Shirley Temple's Baby Burlesk Shorts

The Baby Burlesk series were satires of major motion pictures and the then current events. All of the performers were preschool-aged children. They were costumed as adults--excepting their giant diapers with pins--and given mature dialogue. Filmed in 1931-32, before the Hayes Code was actively enforced, the series is considered dated and exploitative by many modern viewers and film critics because of its depictions of young children in adult roles and situations.

Many of the children used in the series were recruited from Meglin's Dance School in Hollywood. One of them was Shirley Temple, who made her film debut in the Baby Burlesks at the age of three. Her first studio stand-in, Marilyn Granas, also appeared in a few of the pictures. Neither of the two leading actors of the series, Eugene Butler and Georgie Smith, went on to notable success.

Title: The Runt Page
Release: April 11, 1932
Genre: Comedy Short
Writer: Jack Hays
Director: Raymond Nazarro
Music By: James Dietrich
Produced By: Jack Hays
Distributed By: Universal Pictures
Run Time: 10 minutes

Shirley Temple, the most famous child star of all time, got her start in the Jack Hays and Charles Lamont Educational Films known as Baby Burlesks. These short skits featured a bunch of toddlers in diapers who depict scenes from famous movies. The first of these was a take-off of The Front Page (later adapted as His Girl Friday) called The Runt Page.

The only reason why some of these short parodies are even still around today are because how much the world loves Shirley Temple. Without her, this would have disappeared a long time ago or have been banned. It was an interesting look at Temple’s early career although it probably would have been better if the adult voices hadn’t been dubbed over the kids!


Title: War Babies
Release: September 18, 1932
Genre: Comedy Short
Writer: Jack Hays
Director: Charles Lamont
Produced By: Jack Hays
Distributed By: Educational Film Exchanges
Run Time: 10 minutes

The second Baby Burlesk short to be released, and probably the most popular one, is a spoof of the 1926 silent film What Price Glory. Originally to be titled What Price Gloria, it was instead decided to call it War Babies and give Shirley Temple a much bigger and better part than her first film.

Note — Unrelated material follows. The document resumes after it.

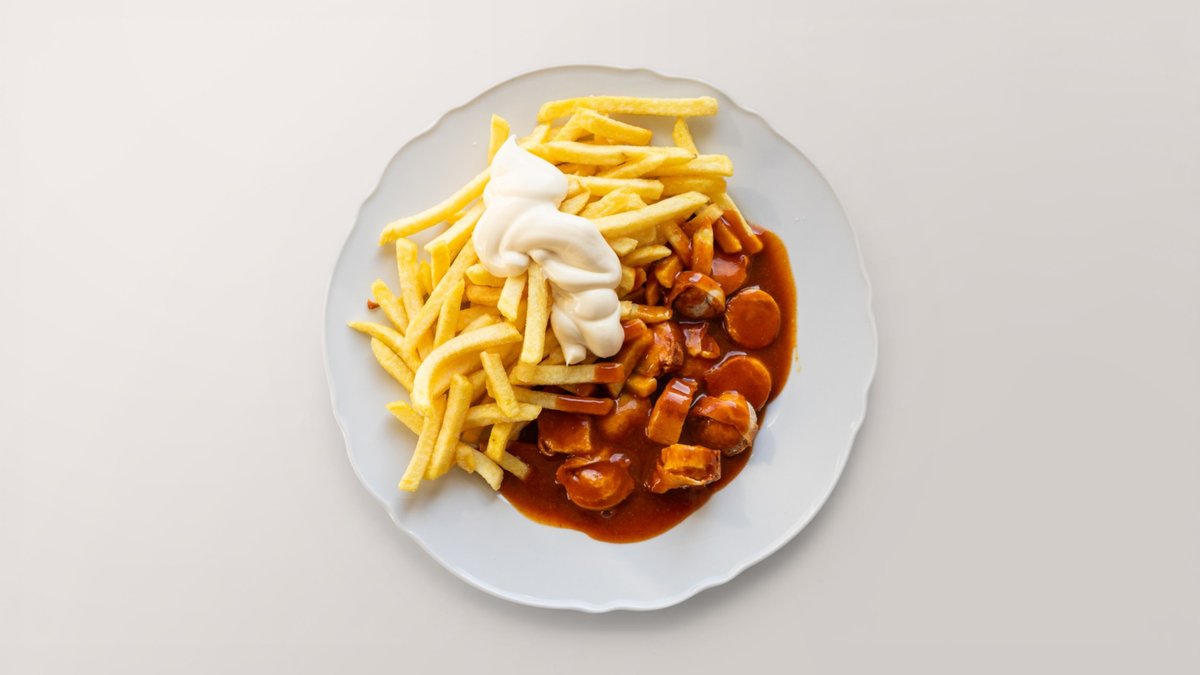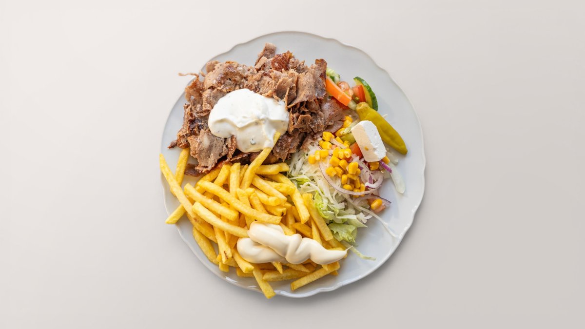 with döner, currywurst, curry meatball, fries and mayonnaise

Even if I had a hard time understanding what the kids were saying, I liked it more than having the adults dubbing their lines as they did with The Runt Page. I thought War Babies was a much cuter skit than Temple’s first screen appearance- and she even had a few lines in this one. Hays and Lamont may have not been the ideal filmmakers especially when it came to punishing the little actors but you can tell that the little French bar girl was having a good time.


Title: The Pie-Covered Wagon
Release: October 30, 1932
Genre: Comedy Short
Writer: Jack Hays
Director: Charles Lamont
Music: Alfonso Corelli
Produced By: Jack Hays
Distributed By: Educational Films Corp.
Run Time: 10 minutes

The first and only western made by the Baby Burlesk series was a spoof of the award-winning silent film The Covered Wagon that had premiered 10 years earlier. Altering the name only slightly to The Pie-Covered Wagon it’s basically a pioneers and Indians type of drama with Shirley Temple being saved just in time by the hero (played by Georgie Smith).

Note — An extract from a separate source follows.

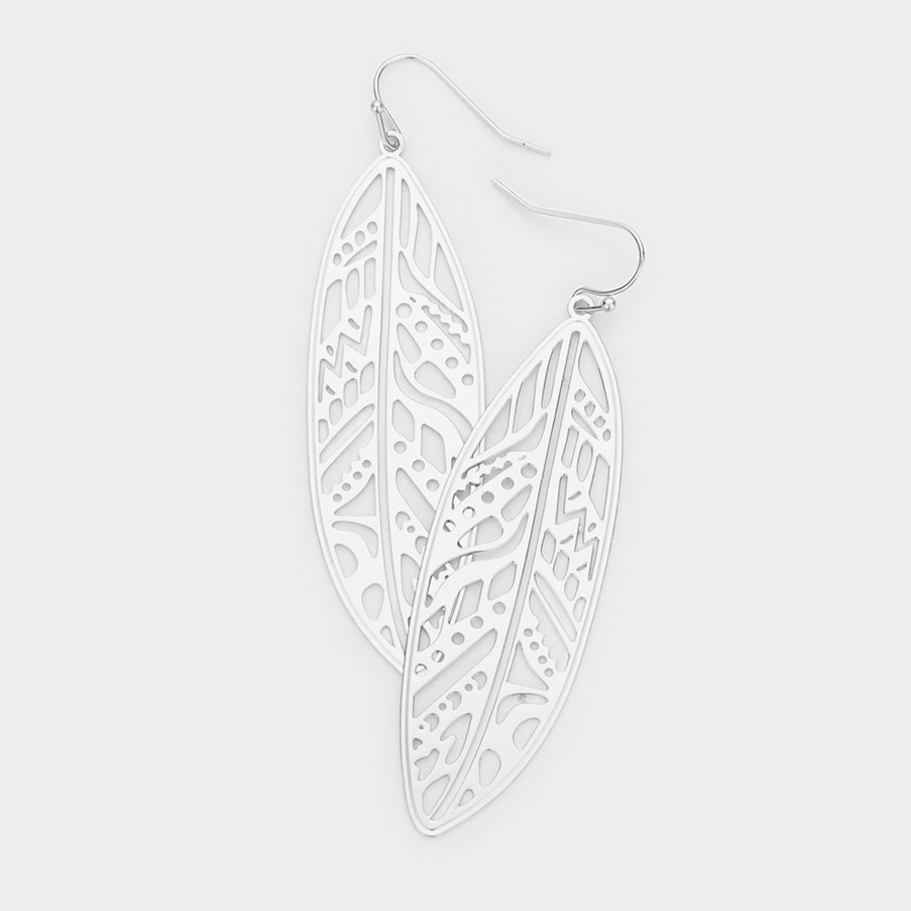 Filigree Flower Leaf Detailed Brass Metal Marquise Dangle Earrings

I didn’t enjoy this short at first because it was more about shouting and running around than anything else but then it got better even if it still had an Our Gang feel to it and Shirley had a very small part. I thought the pies as ammunition was hilarious and the dog had some of the best parts. Although the dog did talk once (in a growly weird voice), there was an even better line after the pioneers defeated the Indians:

The hero: “You should have been looking for Indians, not fooling around with bears!”
[The bear is swiftly approaching] Dynamite: “Boss, this bear ain’t foolin’!“


Title: Glad Rags to Riches
Release: February 5, 1933
Genre: Comedy Short
Writer: Jack Hays
Director: Charles Lamont
Music: Irving Bibo
Produced By: Jack Hays
Distributed By: Educational Film Exchanges
Run Time: 10 minutes

Unlike the previous Baby Burlesk shorts, this parody is an original about the Gay Nineties period (1890s) in America called Glad Rags to Riches. Shirley plays a showgirl called La Belle Diaperina that doesn’t want to perform anymore but she is trapped by her mean manager who will only release her if she marries him. As usual, her sweetheart saves her in the end.

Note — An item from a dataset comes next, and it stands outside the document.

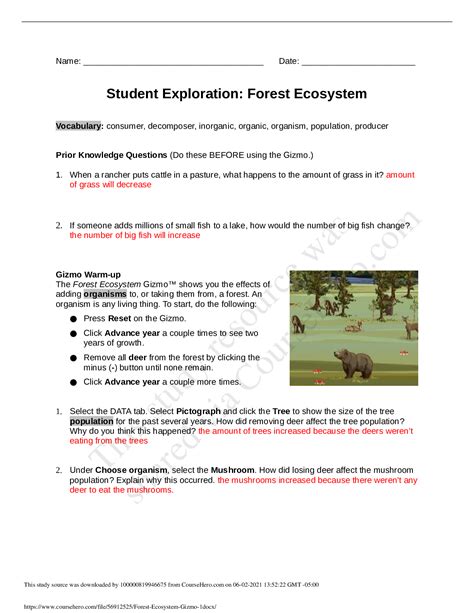 Investigate the feeding relationships (food web) in the forest. Web forest_ecosystem_gizmo ( all answers correct ) document content and description below student exploration: Report copyright violation also available in package deal (1) gizmos student exploration bundle| latest complete solutions for grade a $ 978.71 $ 450.49 79 items 1. Forest ecosystem answer key preview 2 out of 7 pages getting your document ready. Consumer, decomposer, inorganic, organic, organism, population, producer prior knowledge questions (do these before using the gizmo.) 1. Investigate the feeding relationships (food web) in the forest. Most plants use photosynthesis to create organic material from carbon dioxide in the air. Click the card to flip 👆 flashcards learn test match created by jq104 terms in this set (7) consumer an organism that feeds on organic matter because it cannot produce it. No sunlight reaches the ocean floor, but some bacteria can use energy from. Web gizmos student exploration: Web forest ecosystem gizmo 2.1 (7 reviews) term 1 / 7 consumer click the card to flip 👆 definition 1 / 7 an organism that feeds on organic matter because it cannot produce it.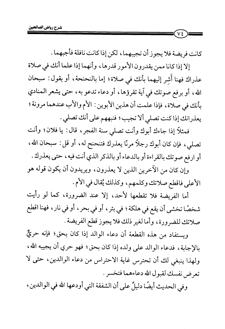 إلا إذا كانا ممن يقدرون الأمور قدرها، وأنهما إذا علما أنك في صلاة عذراك فهنا أشر إليهما بأنك في صلاة؛ إما بالنحنحة، أو بقول: سبحان الله، أو برفع صوتك في آية تقرؤها، أو دعاء تدعو به، حتى يشعر المنادي بأنك في صلاة، فإذا علمت أن هذين الأبوين: الأم والأب عندهما مرونة؛ يعذرانك إذا كنت تصلي ألا تجيب؛ فنبههم على أنك تصلي.

Temple had a much bigger role than in the past shorts in Glad Rags. She acts, she sings, and she dances! It’s hard to believe she was only four years old when she made this. Actually the whole cast is terrific and they’re all around the same age but Shirley proves that she is most definitely the star.


Title: Kid N’ Hollywood
Release: March 14, 1933
Genre: Comedy Short
Writer: Jack Hays
Director: Charles Lamont
Music: Alfonso Corelli
Produced By: Jack Hays
Distributed By: Educational Films Corp.
Run Time: 10 minutes

Kids N’ Hollywood was a satire of Hollywood and some of its more famous actors at the time like Greta Garbo except of course by different names like Freta Snobo. In her autobiography Temple wrote: Kid in Hollywood cast me as a lowly, ambitious scrubwoman, rocketed in one blinding instant from anonymity to movie stardom. Within one year, this preposterous theme would be fact.

I liked this one and again little Shirley Temple steals the show as Morelegs Sweetrick (Marlene Dietrich). She can throw insults like no other, “Leave me, you oily-tongued rascal,” and her small musical number was good too. Her mother sewed most of Temple’s costumes in the Baby Burlesk series and the feathery one in this short was one of her favorites.


Title: Polly Tix in Washington
Release: June 4, 1933
Genre: Comedy Short
Writer: Jack Hays
Director: Charles Lamont
Music: Alfonso Corelli
Produced By: Jack Hays
Distributed By: Educational Films Corp.
Run Time: 10 minutes

In Polly Tix in Washington, Shirley Temple plays a girl on the payroll who is trying to corrupt an honest politician who is against castor oil and wants “A full milk bottle and a lollipop in every fist.” Ironically it was Temple who later in life went on as U.S. Representative to the Unite Nations and was also the first woman Ambassador and Chief of Protocol.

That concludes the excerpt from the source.